■ Recorded information

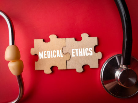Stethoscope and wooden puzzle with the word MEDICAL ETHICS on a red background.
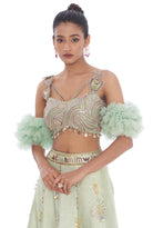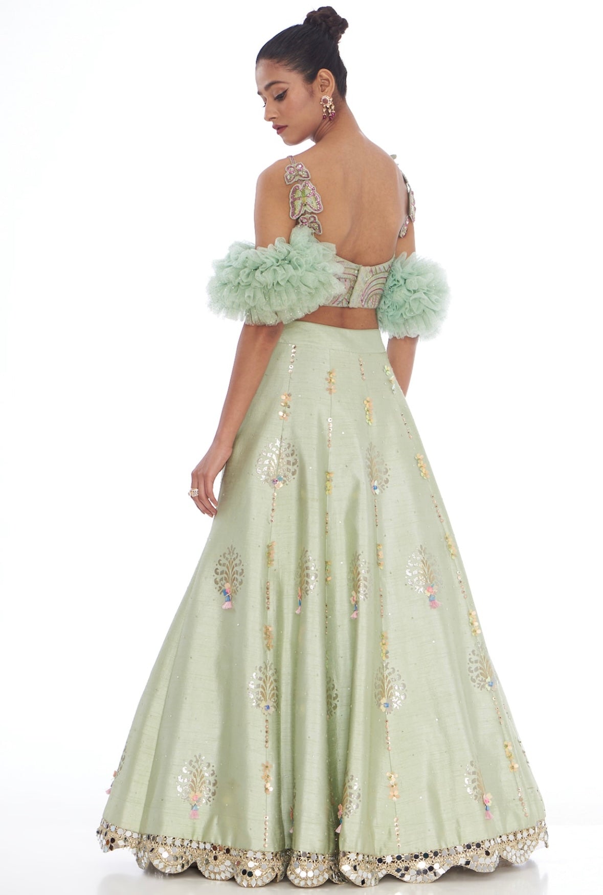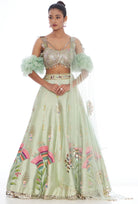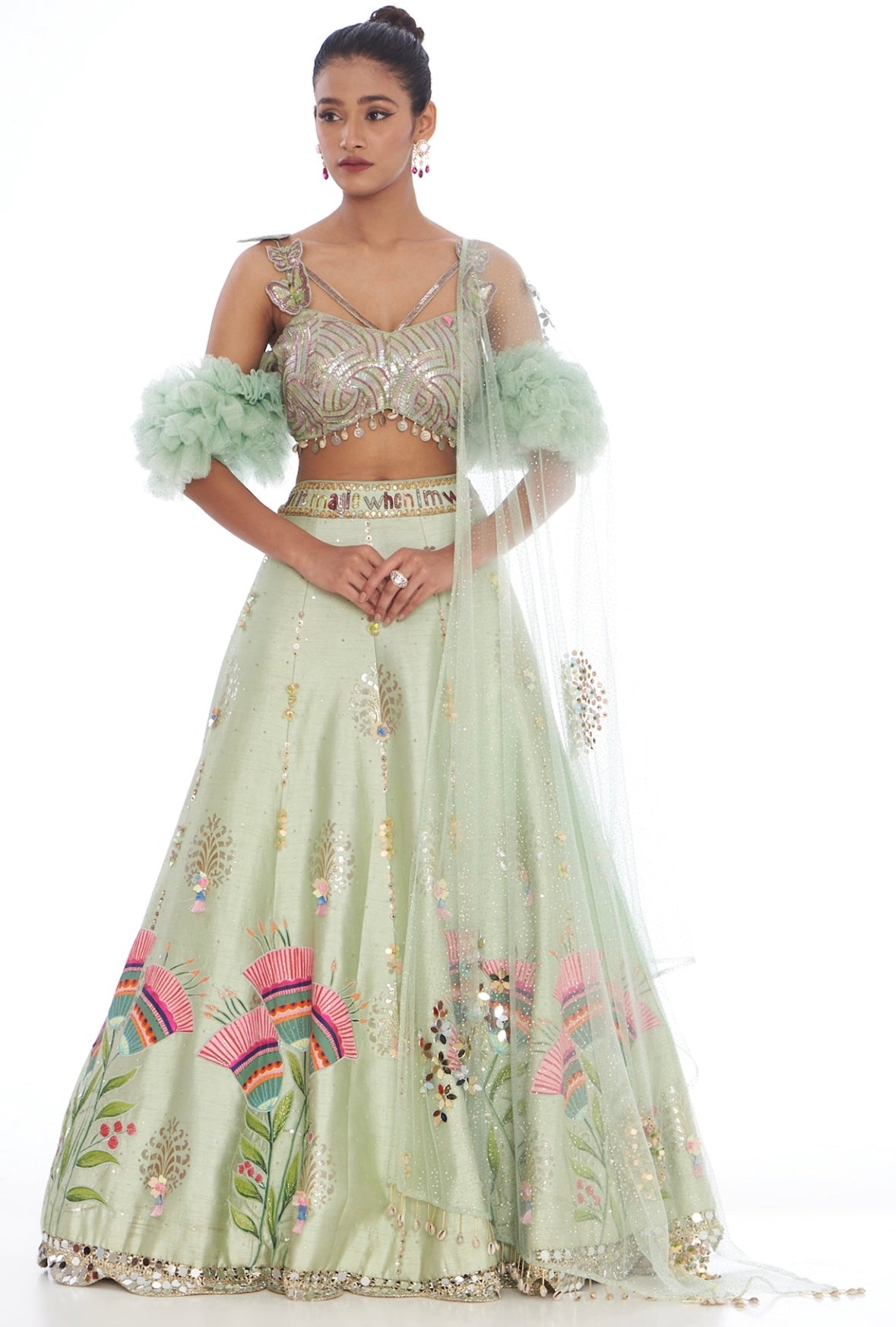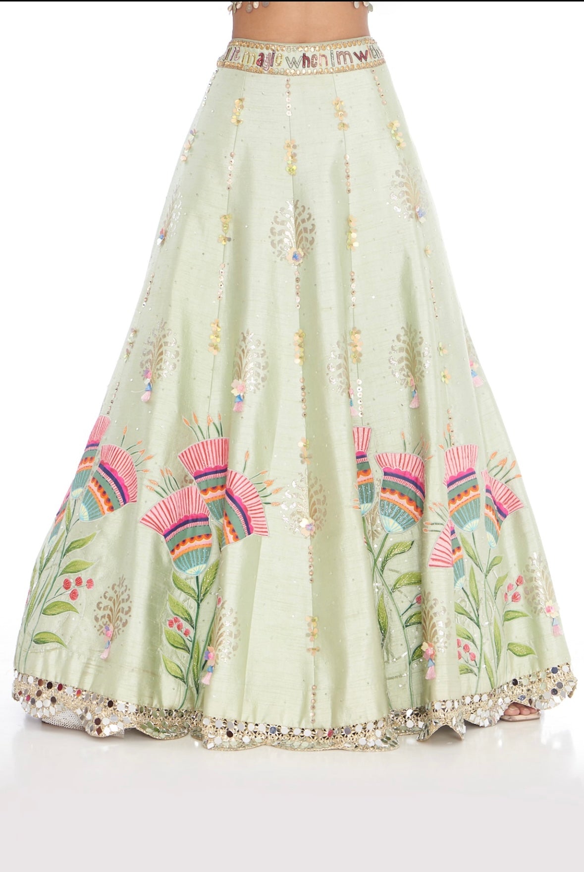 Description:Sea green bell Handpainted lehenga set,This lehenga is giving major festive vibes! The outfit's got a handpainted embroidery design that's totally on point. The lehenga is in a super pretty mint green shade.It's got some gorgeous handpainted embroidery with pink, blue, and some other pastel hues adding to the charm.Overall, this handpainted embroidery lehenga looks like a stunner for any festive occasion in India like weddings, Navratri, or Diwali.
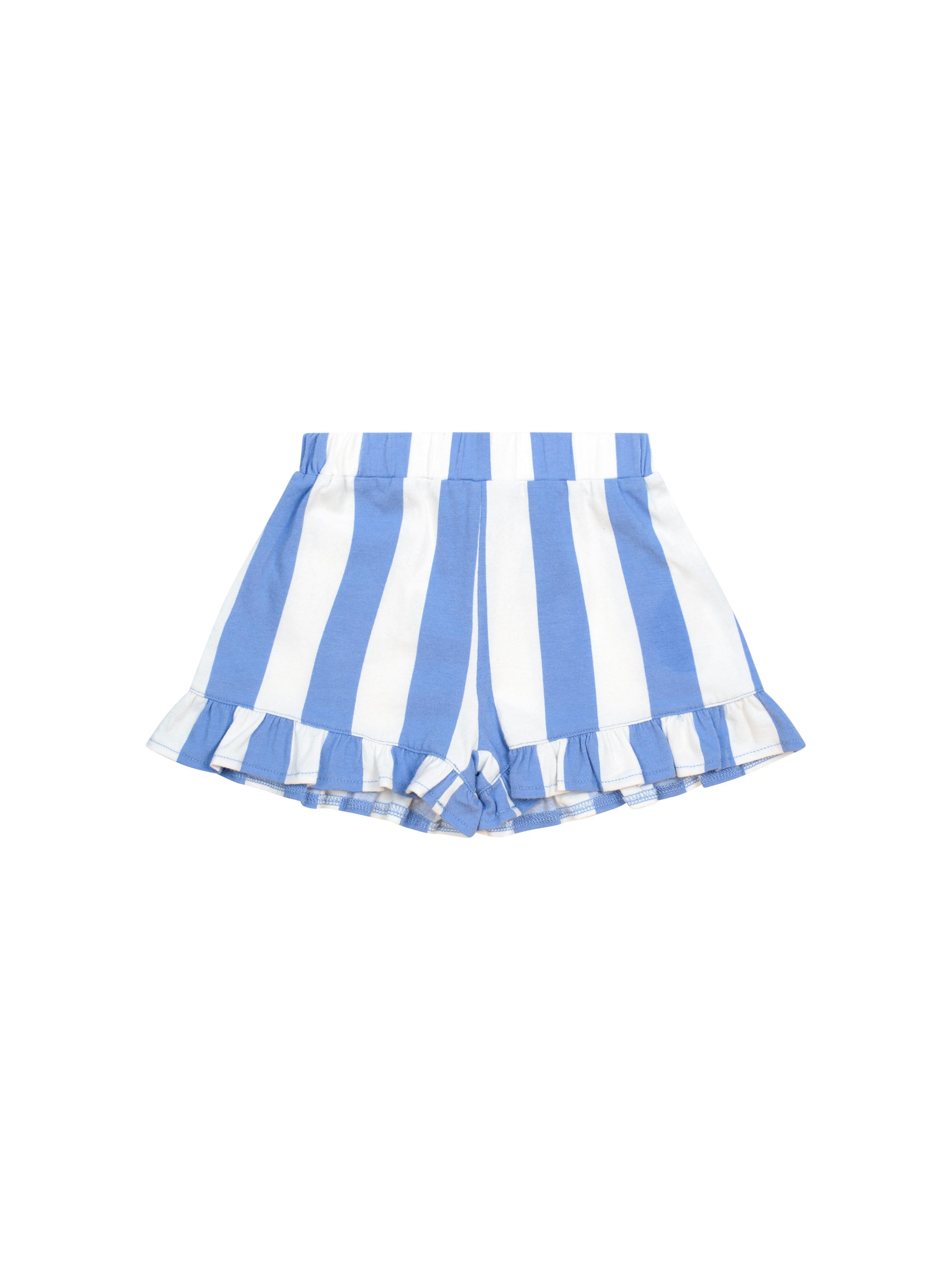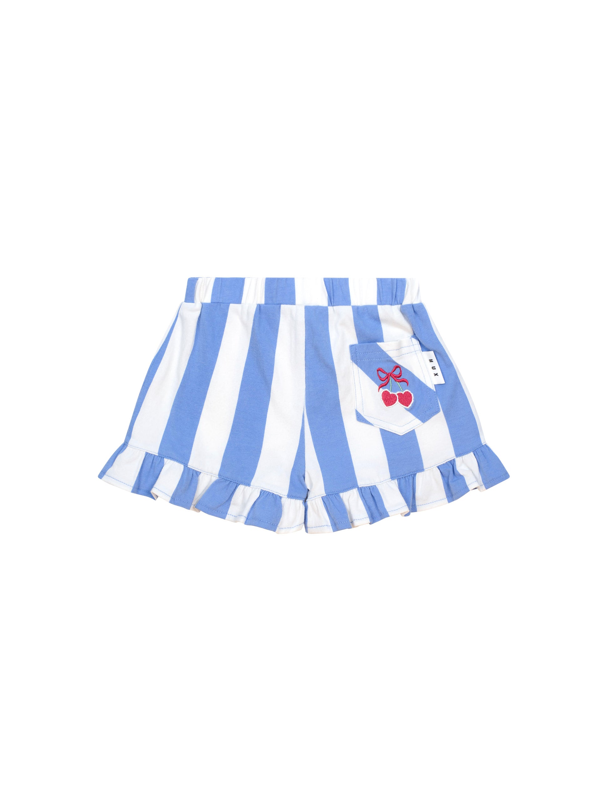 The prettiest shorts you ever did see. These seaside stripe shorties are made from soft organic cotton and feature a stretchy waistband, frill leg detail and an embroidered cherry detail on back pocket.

■ Instructions for the task
Please return the full listing word for word, but without any pictures.

■ Result
Stethoscope and wooden puzzle with the word MEDICAL ETHICS on a red background.
 Description:Sea green bell Handpainted lehenga set,This lehenga is giving major festive vibes! The outfit's got a handpainted embroidery design that's totally on point. The lehenga is in a super pretty mint green shade.It's got some gorgeous handpainted embroidery with pink, blue, and some other pastel hues adding to the charm.Overall, this handpainted embroidery lehenga looks like a stunner for any festive occasion in India like weddings, Navratri, or Diwali.
 The prettiest shorts you ever did see. These seaside stripe shorties are made from soft organic cotton and feature a stretchy waistband, frill leg detail and an embroidered cherry detail on back pocket.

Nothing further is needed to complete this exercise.